Hello all,
I am hoping for help running the oases_pipeline.py
. I am able to run the pipeline for a subset of my data and for 4 Kmer values using the following code:
python oases_pipeline.py -m 21 -M 27 -s 2 -o oases_test -d '-fastq -shortPaired -separate trimm_15_F_paired.fq trimm_15_R_paired.fq' -p '-ins_length 160'
This runs successfully and produces output for K 21 through 27. However, when I try to run the following code on my full dataset (538769828 sequences) and for a larger range of K, it fails.

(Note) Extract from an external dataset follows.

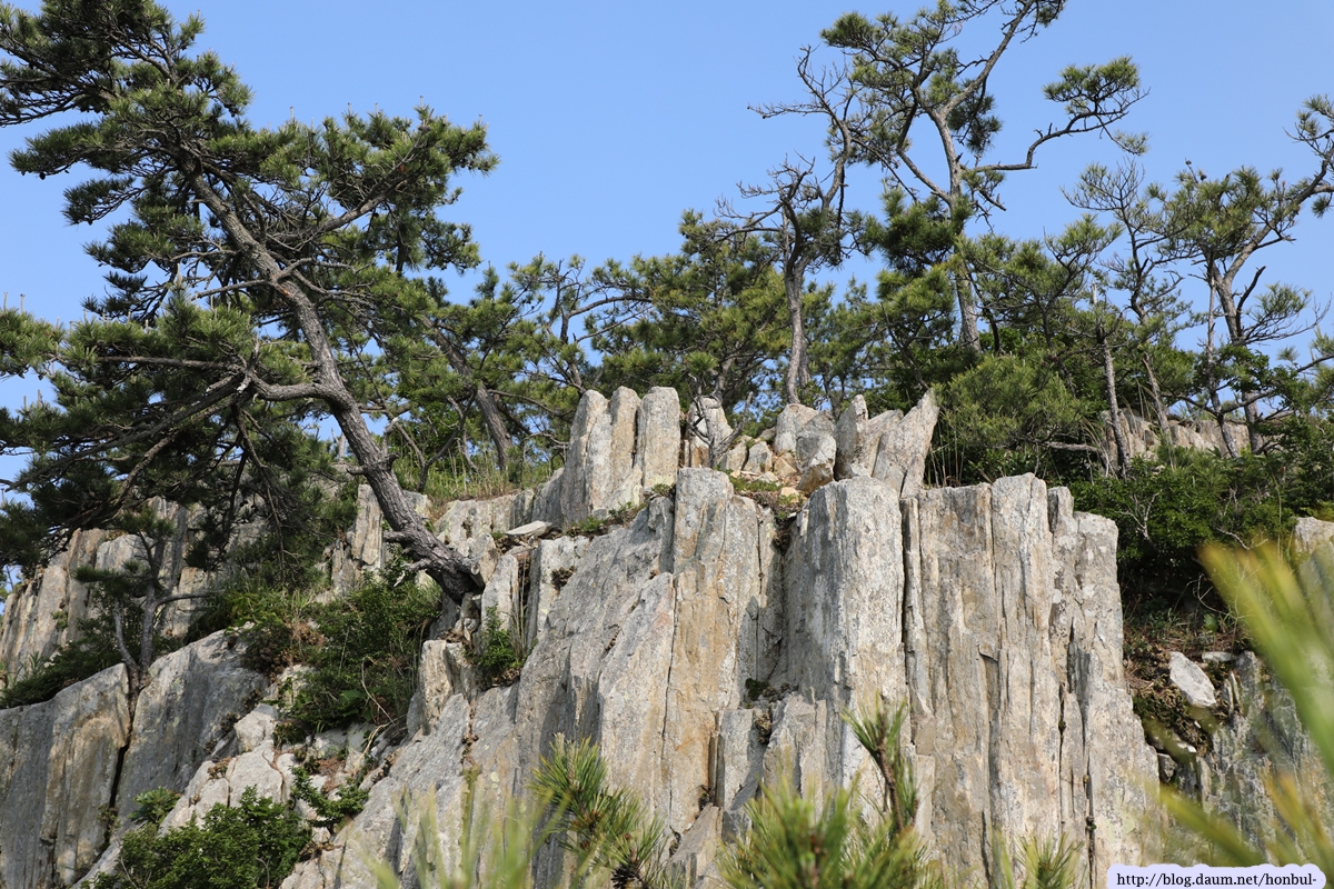 무작정 해안쪽으로 난 길을 따라 내려가는데, 갑자기 서광이 비추듯 거대한 암릉이 보인다.
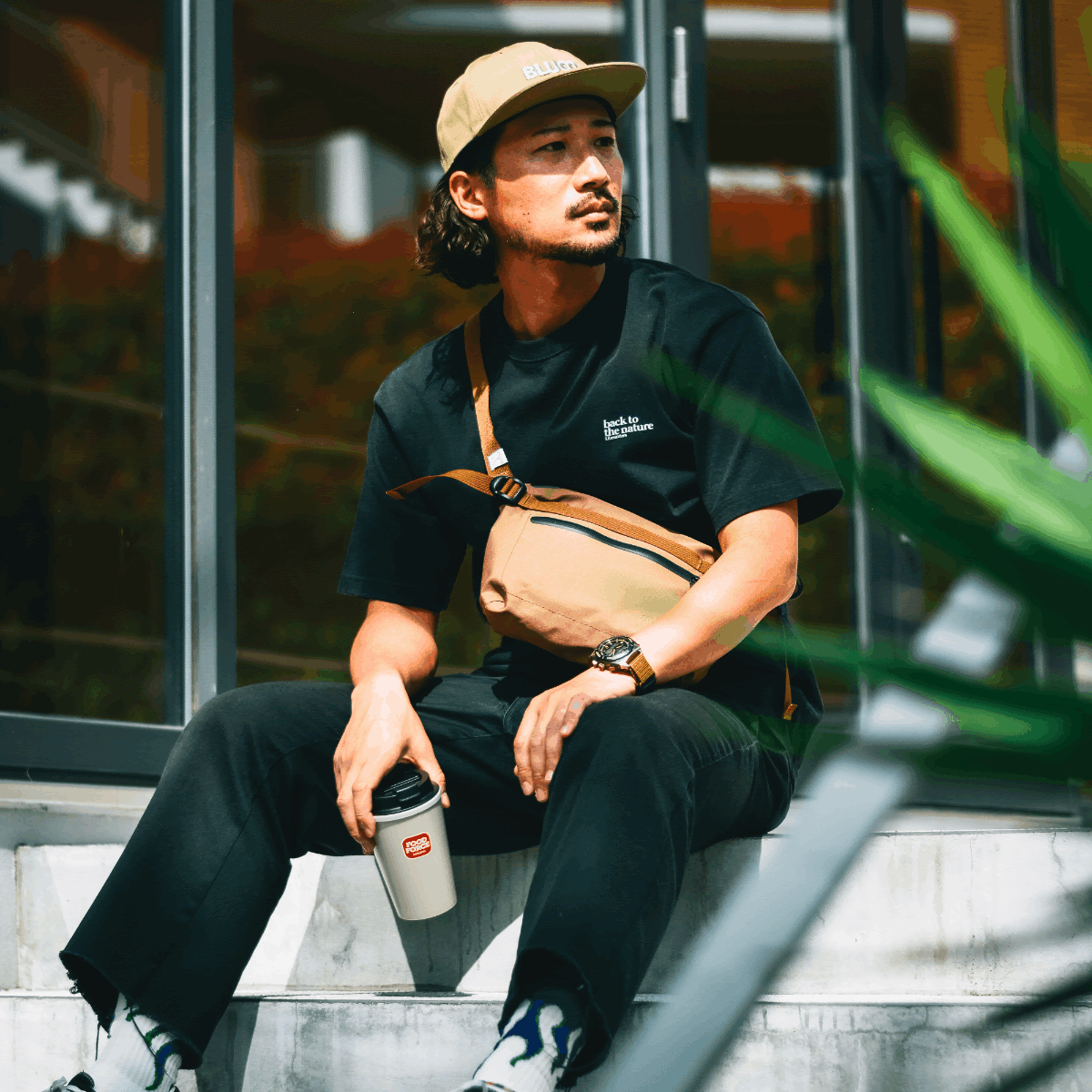 500mlのボトルもすっぽり入るこの時期大人気のショルダーバッグ。防水ファブリックと見た目以上の収納力で、フェスやキャンプ、トレッキングなどで活躍。デザインはスッキリとアーバンテイストにまとまっているので、普段使いでもスタイルを選ばず持ち出せます。

This is my input code:
python oases_pipeline.py -m 21 -M 51 -s 2 -o oases_ALL -d '-fastq -shortPaired -separate ALL_F_paired.fq ALL_R_paired.fq' -p '-ins_length 160'
This command runs successfully for K=21, but then crashes on K=23 with this output:
[5141.379366] Inputting sequence 66000000 / 538769828
[5163.243577] Inputting sequence 67000000 / 538769828
[5170.824776] === Sequences loaded in 997.337692 s
[5171.829179] Done inputting sequences
[5171.829187] Destroying splay table
[5173.870477] Splay table destroyed
[5175.177294] Command failed!
[5175.177304] rm -f oases_ALL_23/Sequences
Hash failed
I am at a loss for why it will run for a subset of data and for the first K, but crash on the second.
Many thanks in advance for any input!